President Trump’s Beijing visit, accompanied by CEOs including Elon Musk and Jensen Huang, puts tariffs, rare earths, AI, Iran, and Taiwan at the center of high-stakes U.S.-China talks. U.S. wholesale inflation rose 6% year-over-year in April, the sharpest increase since 2022, while Kevin Warsh won Senate confirmation as the next Fed chair. OPEC said oil flows have been hurt by the Strait of Hormuz closure, with supplies down 30% since the Iran war began and significant demand risks still looming.

Analysis

The setup is less about a single headline outcome and more about whether diplomacy can delay a broader repricing of the macro regime. If the talks reduce tariff intensity or unlock selective export/licensing concessions, the near-term beneficiaries are the large-cap semis and platform names with the most China revenue sensitivity, but the bigger market effect would be a compression of the geopolitical risk premium that has recently supported defense, energy, and domestic re-shoring beneficiaries. That matters because the current equity tape is already pricing a lot of “no escalation,” so any incremental de-escalation may have a smaller upside response than a breakdown would have on the downside. For NVDA, the key issue is not just direct China demand but the second-order effect on supply chain planning and capex timing. Even a modest thaw could improve visibility on AI infrastructure procurement and reduce the probability of further export-control tightening, which is more important than any near-term order headline. TSLA is more binary: any positive optics around Chinese market access or regulatory goodwill could help sentiment, but the equity’s reaction will likely be capped unless it translates into durable volume or margin relief; absent that, it remains a trading vehicle for headline beta rather than a fundamental re-rate. The inflation and Fed backdrop is the more durable macro risk.
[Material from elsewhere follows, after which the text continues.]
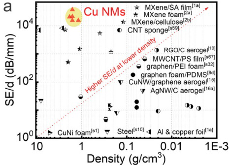 图3.金属包裹多孔膜的EMI性能比较。(a)不同密度下材料SE/d的性能,(b)不同厚度下材料SSE性能。

Sticky wholesale prices plus energy disruption argue for a higher-for-longer rate path, which is a headwind for long-duration growth multiple expansion even if diplomacy goes well. In other words, a favorable U.S.-China outcome may lift the index on narrative, but real earnings discount rates are still being pushed the wrong way by inflation and oil, so breadth should remain narrow and leadership fragile. The contrarian view is that the market may be underpricing how much a symbolic trade détente could matter for cyclicals and semis over the next 3-6 months, while overpricing the immediate uplift to megacap tech. If the meeting produces concrete implementation steps rather than vague language, the winners could be the industrial and supply-chain names tied to reconfiguration rather than the obvious headline names. Conversely, if the optics disappoint, the move could reverse quickly because positioning in China-sensitive tech is likely crowded into the event.